## Entries provided
[Start of section]

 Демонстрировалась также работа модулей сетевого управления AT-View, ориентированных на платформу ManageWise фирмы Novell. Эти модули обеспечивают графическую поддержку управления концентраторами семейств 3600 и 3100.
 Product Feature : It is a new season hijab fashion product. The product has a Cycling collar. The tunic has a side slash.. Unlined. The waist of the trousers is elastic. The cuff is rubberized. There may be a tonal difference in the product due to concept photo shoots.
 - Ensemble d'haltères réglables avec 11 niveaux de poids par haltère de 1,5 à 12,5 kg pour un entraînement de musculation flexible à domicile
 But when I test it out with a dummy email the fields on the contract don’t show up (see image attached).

[End of section]
[Start of section]

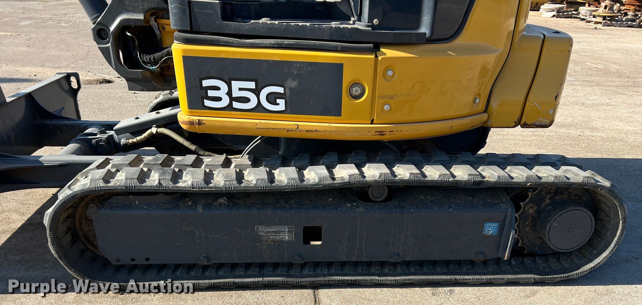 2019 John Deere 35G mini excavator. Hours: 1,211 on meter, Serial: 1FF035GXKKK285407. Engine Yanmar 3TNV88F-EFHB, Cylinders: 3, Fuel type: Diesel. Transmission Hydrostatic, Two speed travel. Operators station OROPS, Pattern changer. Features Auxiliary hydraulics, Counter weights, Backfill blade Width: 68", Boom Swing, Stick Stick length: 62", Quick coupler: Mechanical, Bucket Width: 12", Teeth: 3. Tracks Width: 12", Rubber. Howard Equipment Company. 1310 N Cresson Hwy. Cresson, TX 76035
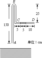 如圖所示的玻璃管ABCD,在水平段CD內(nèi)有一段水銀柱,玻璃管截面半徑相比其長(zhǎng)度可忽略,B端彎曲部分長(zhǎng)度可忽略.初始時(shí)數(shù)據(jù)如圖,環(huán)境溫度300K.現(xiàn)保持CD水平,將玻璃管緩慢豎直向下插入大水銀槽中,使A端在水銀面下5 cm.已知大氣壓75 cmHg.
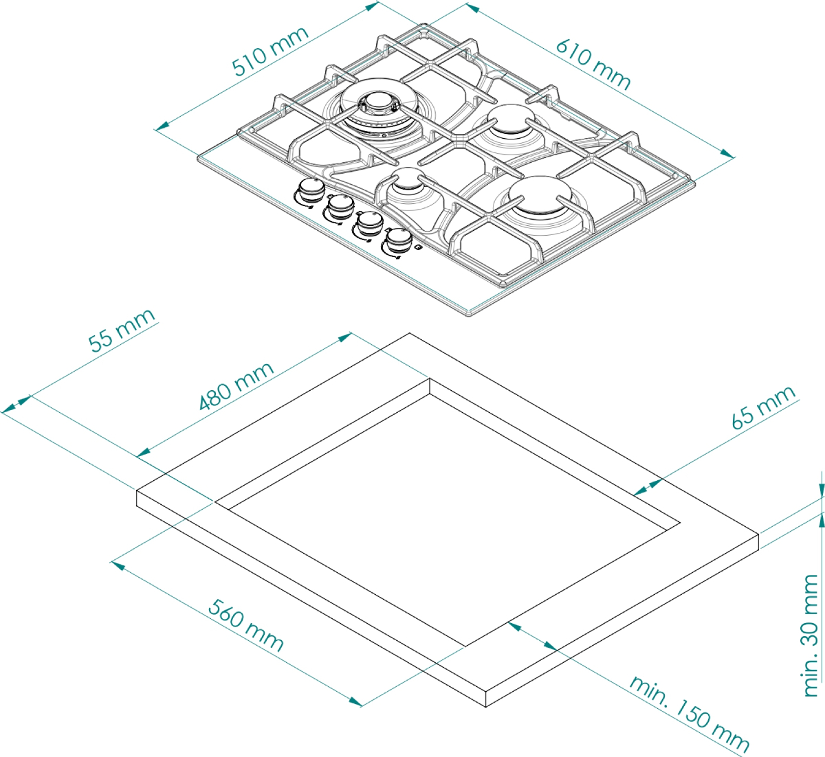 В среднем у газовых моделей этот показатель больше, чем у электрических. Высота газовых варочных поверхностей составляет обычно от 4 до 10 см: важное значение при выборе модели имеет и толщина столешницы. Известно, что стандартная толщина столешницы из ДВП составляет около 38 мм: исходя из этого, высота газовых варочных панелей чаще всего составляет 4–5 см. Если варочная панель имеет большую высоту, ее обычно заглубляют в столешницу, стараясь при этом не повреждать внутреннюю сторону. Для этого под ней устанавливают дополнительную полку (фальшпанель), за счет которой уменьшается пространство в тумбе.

[End of section]

## What you have to do
Everything from the line with "Product Feature : It" through the line with "But when I test" should be written out exactly as it appears above, end lines included, and nothing outside that range.

## Your response
 Product Feature : It is a new season hijab fashion product. The product has a Cycling collar. The tunic has a side slash.. Unlined. The waist of the trousers is elastic. The cuff is rubberized. There may be a tonal difference in the product due to concept photo shoots.
 - Ensemble d'haltères réglables avec 11 niveaux de poids par haltère de 1,5 à 12,5 kg pour un entraînement de musculation flexible à domicile
 But when I test it out with a dummy email the fields on the contract don’t show up (see image attached).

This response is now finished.